Holy Cross Catholic Primary School (Leicestershire)

Holy Cross is a Voluntary Aided, Co-Gender Catholic Primary School in Whitwick, Leicestershire, England. It enrolls around 200 students from ages 4-11 in 6 year groups.

The Ofsted 2007 report states, "Holy Cross is a smaller-than-average-sized village primary school where attainment on entry to the Reception Class is below average. The proportion of students with learning disabilities or otherwise is similar to most schools. Those enrolled are predominantly White British, with a few from ethnic backgrounds. About 2/3 are baptized Catholics"

The scores of the Ofsted report are as follows (1 being the highest achievable, 4 the lowest)
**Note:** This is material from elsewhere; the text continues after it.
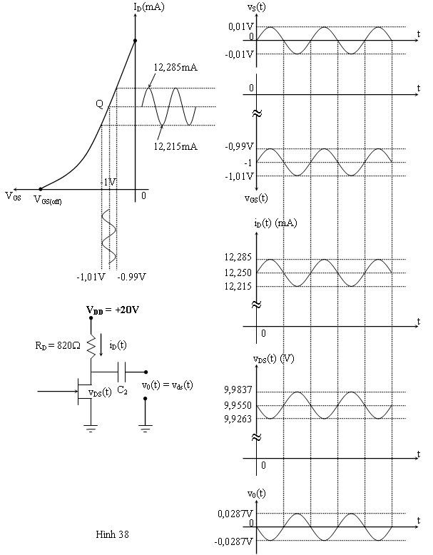 Nguồn tín hiệu có điện thế đỉnh nhỏ nên điện thế cổng nguồn vẫn luôn luôn âm. Nhờ đặc tuyến truyền, chúng ta thấy rằng điểm điều hành sẽ di chuyển khi VGS thay đổI theo tín hiệu. Ở thời điểm khi VGS ít âm hơn, dòng thoát iD(t) tăng và khi VGS âm nhiều hơn, dòng thoát iD(t) giảm. Vậy dòng điện thoát iD(t) thay đổi cùng chiều với vGS(t) và có trị số quanh dòng phân cực ID tỉnh (được giả sử là 12,25mA). Độ gia tăng của iD(t) và độ giảm của iD(t) bằng nhau với tín hiệu nhỏ (giả sử là 0,035mA). (Xem hình trang sau).

  • Overall Effectiveness of the School - 2
  • Effectiveness of the Foundation Stage - 2
  • Achievement and Standards - 2
  • Personal Development and Well Being - 2
  • Teaching and Learning - 2
  • Curriculum and other activities - 2
  • Care Guidance and Support - 2
  • Leadership and Management - 2.

Holy Cross is perhaps one of the oldest schools in Leicestershire, being built in 1901.

The school has 4 houses to put the students into, named after Saints. These are St.Bernards, St.Thomas, St.Marys and St.Marks.

The school is directly adjacent to Holy Cross Church, which gives the school unique opportunities to let the children into the church during special religious occasions, such as Easter, which furthers their religious and spiritual growth more than holy masses offered in the school hall. The school also has a large playing field on site which is invaluable for the church and school summer fees and the running of the annual school sports day.

Land behind the school used to be the allotments where the school taught gardening, however this was many years ago now and the land is overgrown with trailing ivy and many trees. The land is also owned by the church.

Famous quotes containing the words holy, cross, catholic, primary and/or school:

    And I said,
    “This holy concern for the truth—
    no one worries about it except liars.”
    And God was bored.
    He turned on his side
    like an opium eater
    and slept.
    Anne Sexton (1928–1974)

    There is a mountain in the distant West
    That, sun-defying, in its deep ravines
    Displays a cross of snow upon its side.
    Such is the cross I wear upon my breast
    These eighteen years, through all the changing scenes
    And seasons, changeless since the day she died.
    Henry Wadsworth Longfellow (1809–1882)

    It is time that the Protestant Church, the Church of the Son, should be one again with the Roman Catholic Church, the Church of the Father. It is time that man shall cease, first to live in the flesh, with joy, and then, unsatisfied, to renounce and to mortify the flesh.
    —D.H. (David Herbert)

    But the doctrine of the Farm is merely this, that every man ought to stand in primary relations to the work of the world, ought to do it himself, and not to suffer the accident of his having a purse in his pocket, or his having been bred to some dishonorable and injurious craft, to sever him from those duties.
    Ralph Waldo Emerson (1803–1882)

    At school boys become gluttons and slovens, and, instead of cultivating domestic affections, very early rush into the libertinism which destroys the constitution before it is formed; hardening the heart as it weakens the understanding.